═══ INFORMATION

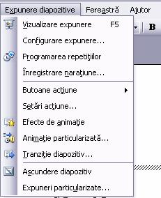 Pentru īmbunatatirea prezentarii se pot folosi diferite optiuni de animatie si efecte speciale (se aplica pentru un text sau un element grafic al unui diapozitive), respectiv tranzitii īntre diapozitive (se aplica pentru īntregul diapozitiv). Acelasi tip de tranzitie se poate aplica pentru un singur diapozitiv sau pentru toate.
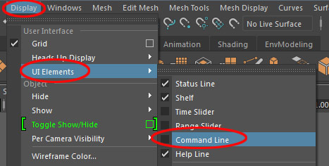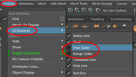 Let's hide these controls to maximize our workable area. Go to Display > UI Elements > Uncheck Time Slider and Range Slider:
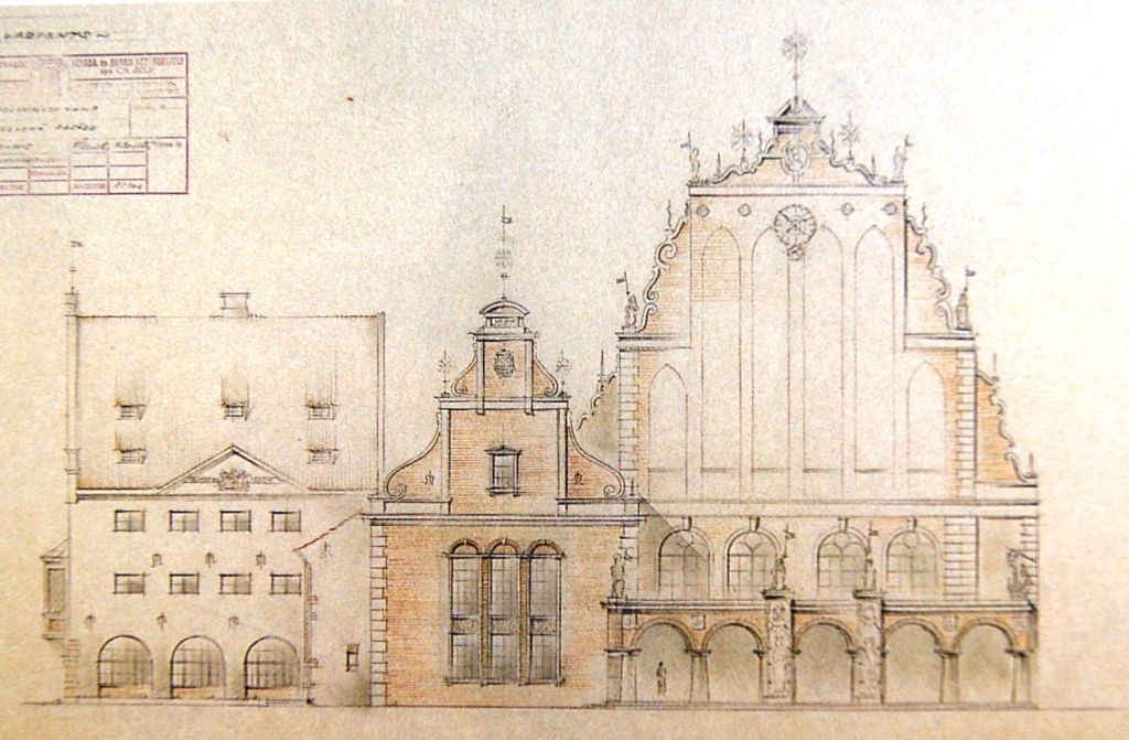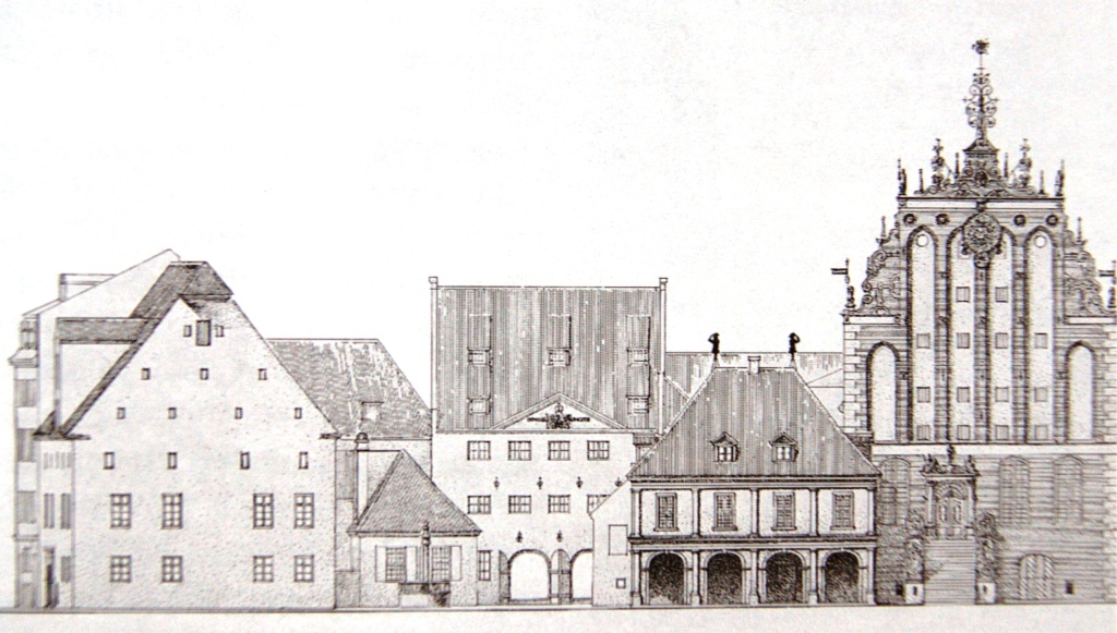 Строили тогда основательно и вместе с главным зданием возвели и вспомогательное. В доме, где часто собирались, заседали и пировали, существовала потребность в дополнительных помещениях для слуг, складов и уединения. О том, как это здание выглядело в то время, не сохранилось никаких свидетельств. Все известные нам изображения средневековой Риги сделаны со стороны Двины и столь маленькое строение просто растворялось в окружающей застройке. Со временем, веке эдак в XVI, домик расширили и он «вылез» на Ратушную площадь.
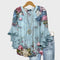Istaknite svoju svježinu i ženstvenost s ovom bluzom u plavoj nijansi, ukrašenom bogatim cvjetnim uzorcima u nijansama ružičaste, ljubičaste i bijele. Romantične detalje na rukavima s volanima dodaju pokret i eleganciju, dok opušteni kroj čini ovu bluzu idealnom za sve svakodnevne i posebne prilike.
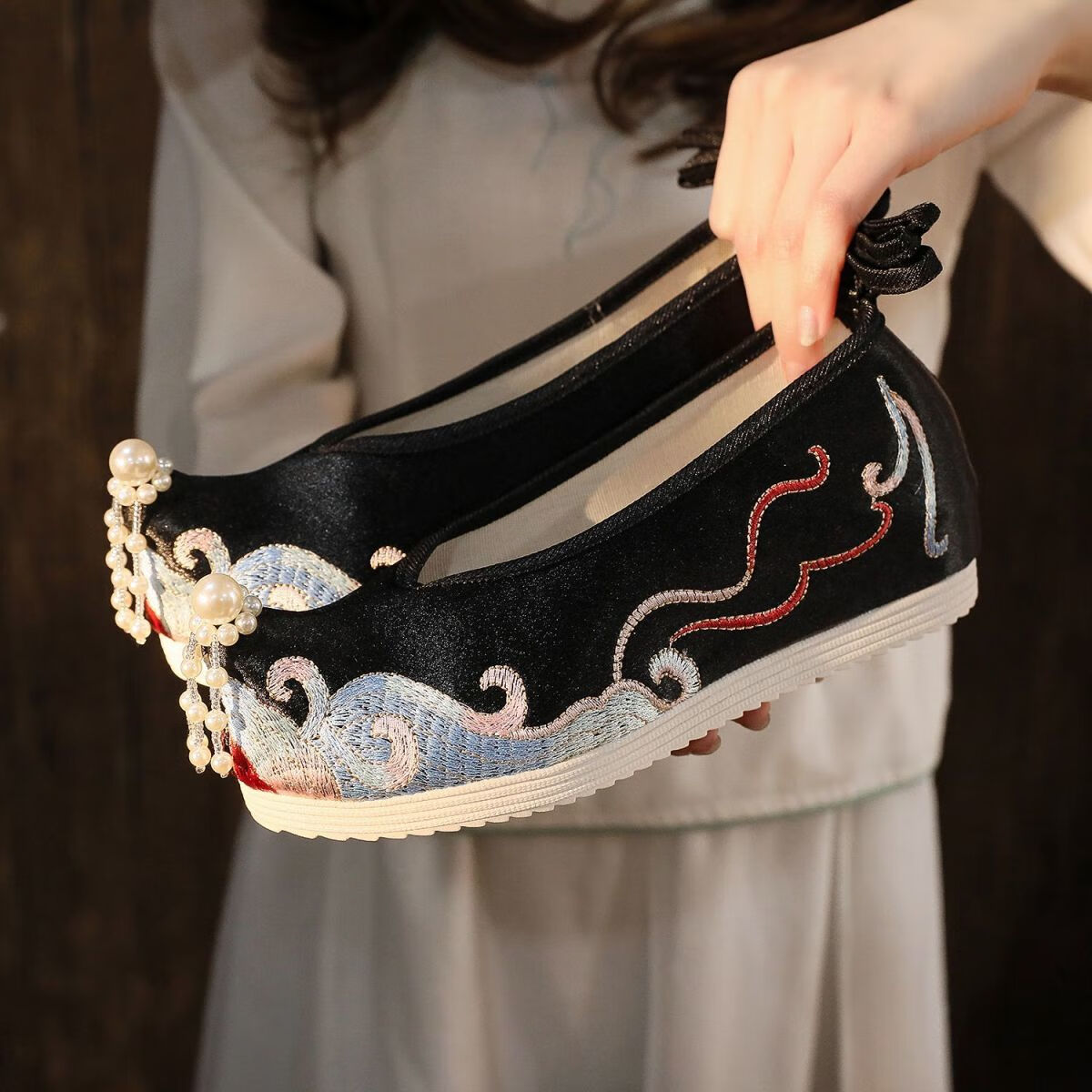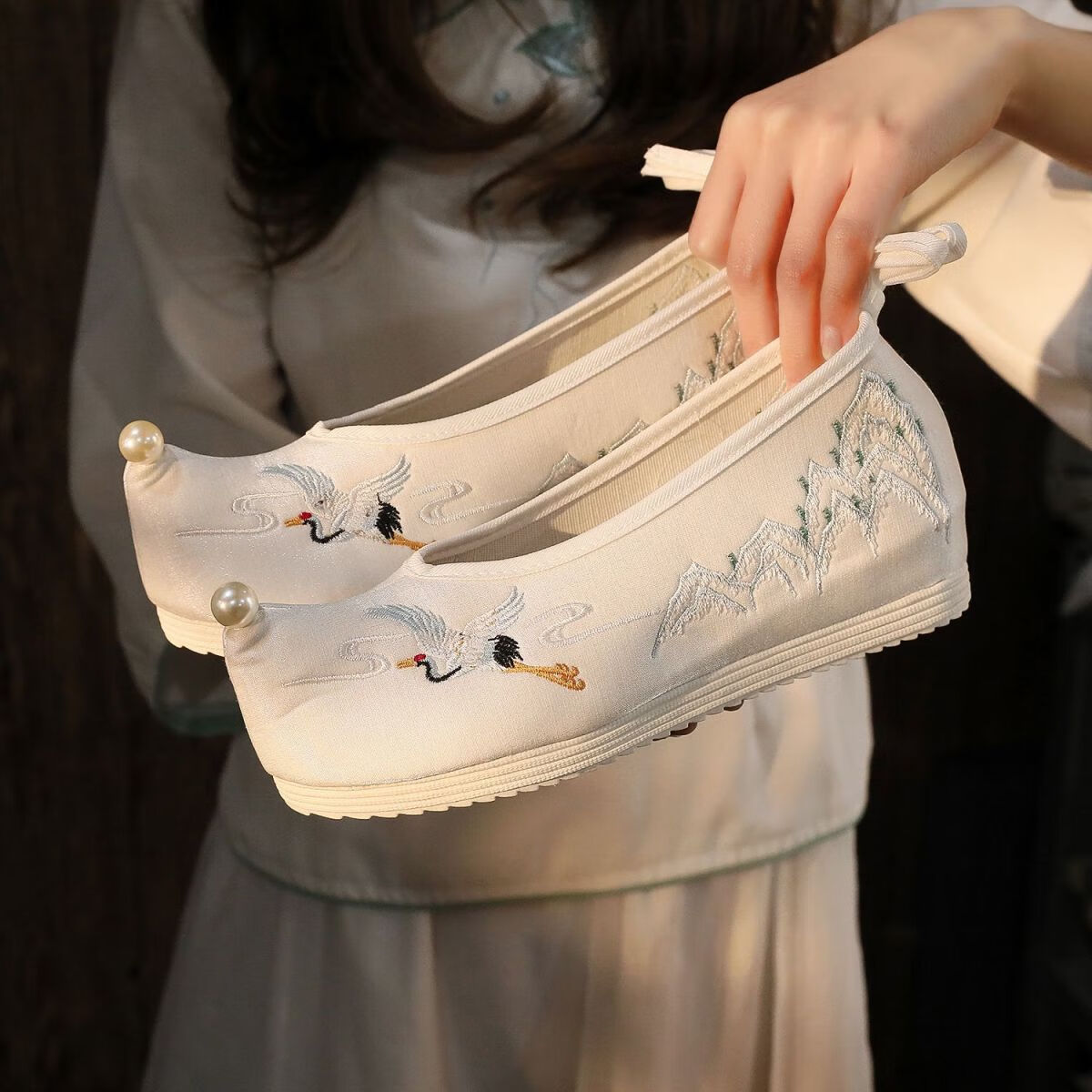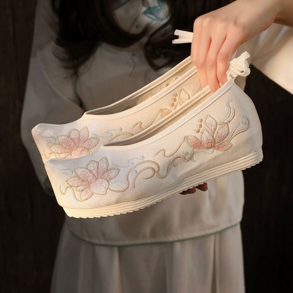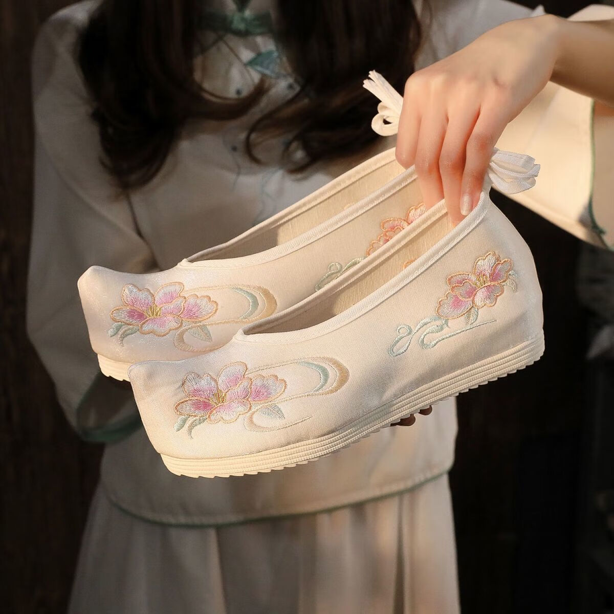 Mofu Hanfu Shoes for Female Students Ancient Style Embroidered Shoes for Women with Hanfu Inner Heightening Ancient Style Shoes Han Element Cloth Shoes Yun Bailian (6.6cm) Pearl White 37
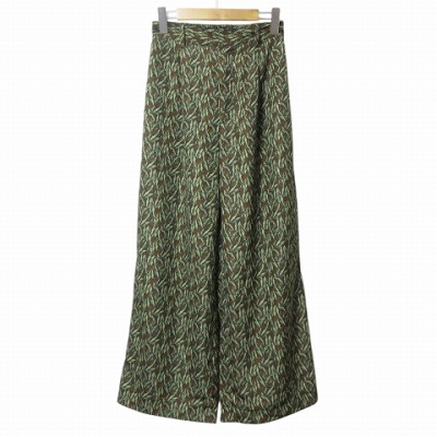 【中古】ディスコート Discoat 美品 総柄パンツ ワイド タック グリーン系 フリーサイズ X レディース
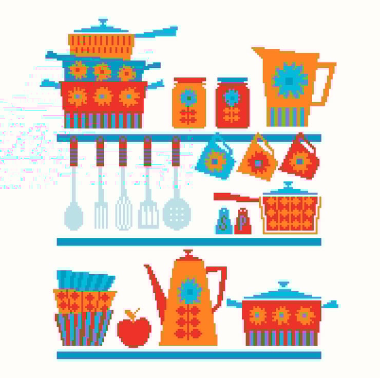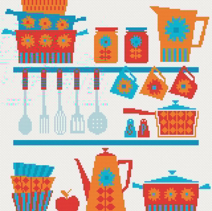 Cross stitch pattern 186B - Mid-Century retro 50's styled kitchen coffee pot, cups, pots and pans - Warm shades - quirky retro cross stitch/tapestry PDF chart by Vivsters. No delivery costs - PDF counted chart file straight to your inbox. Start stitching straight today!
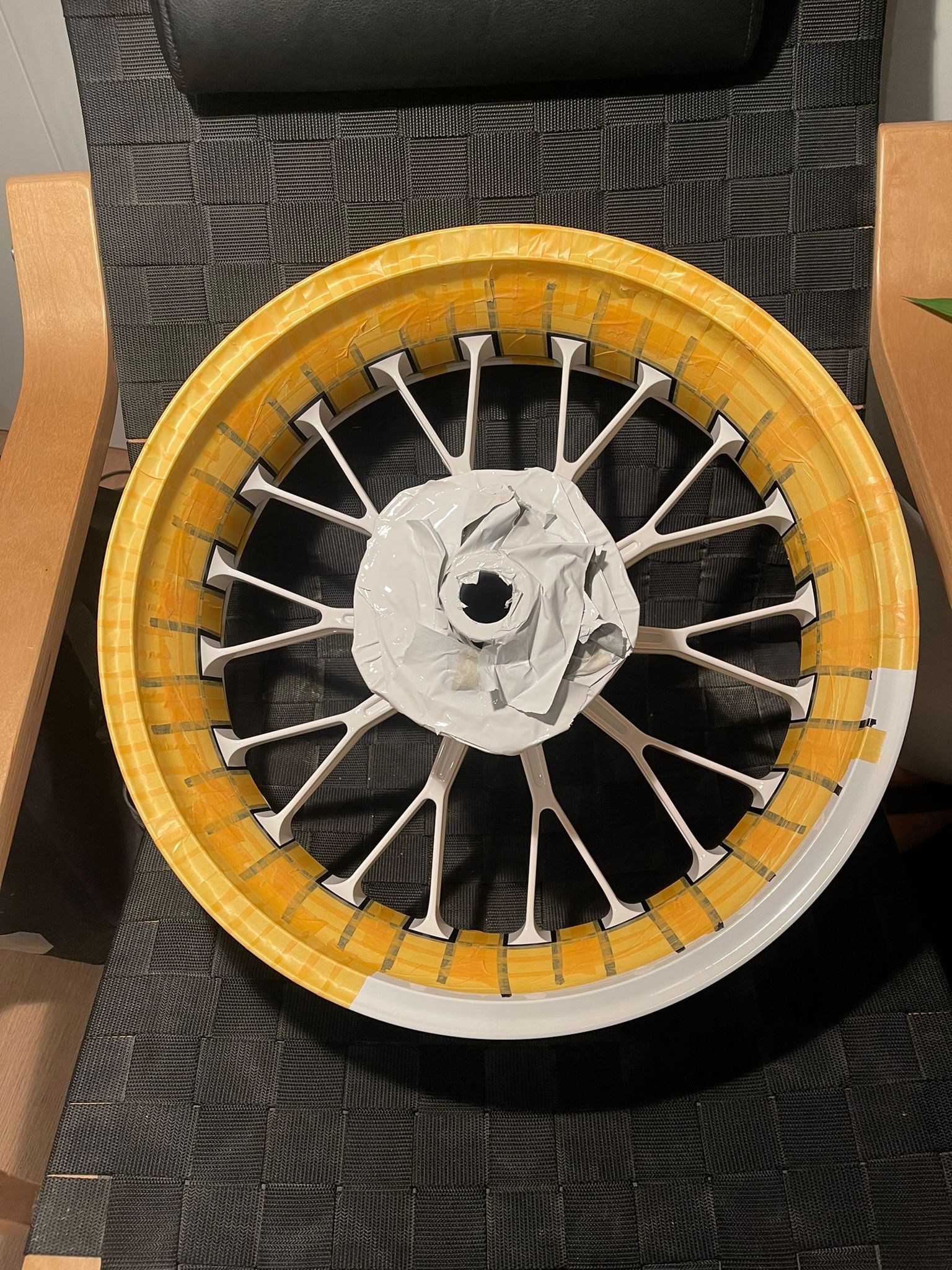 Reifen ist aufgezogen (1,2 bar) … noch zuviel aber so rollt sie später erst einmal wieder gescheit
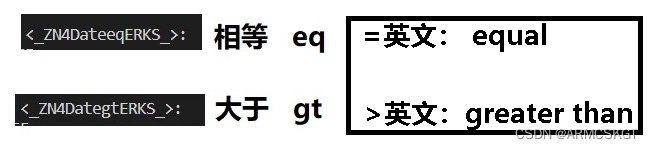 如果定义在类中在Linux环境下修饰规则为:_ZN4D+类名+运算符英文简称+ERKS_

══════

*YOUR OBJECTIVE*
The lines from the one with "Reifen ist aufgezogen" to the end of the data above should be retyped exactly, both ends included, and pictures are to be left out.

*TASK ANSWER*
 Reifen ist aufgezogen (1,2 bar) … noch zuviel aber so rollt sie später erst einmal wieder gescheit
 如果定义在类中在Linux环境下修饰规则为:_ZN4D+类名+运算符英文简称+ERKS_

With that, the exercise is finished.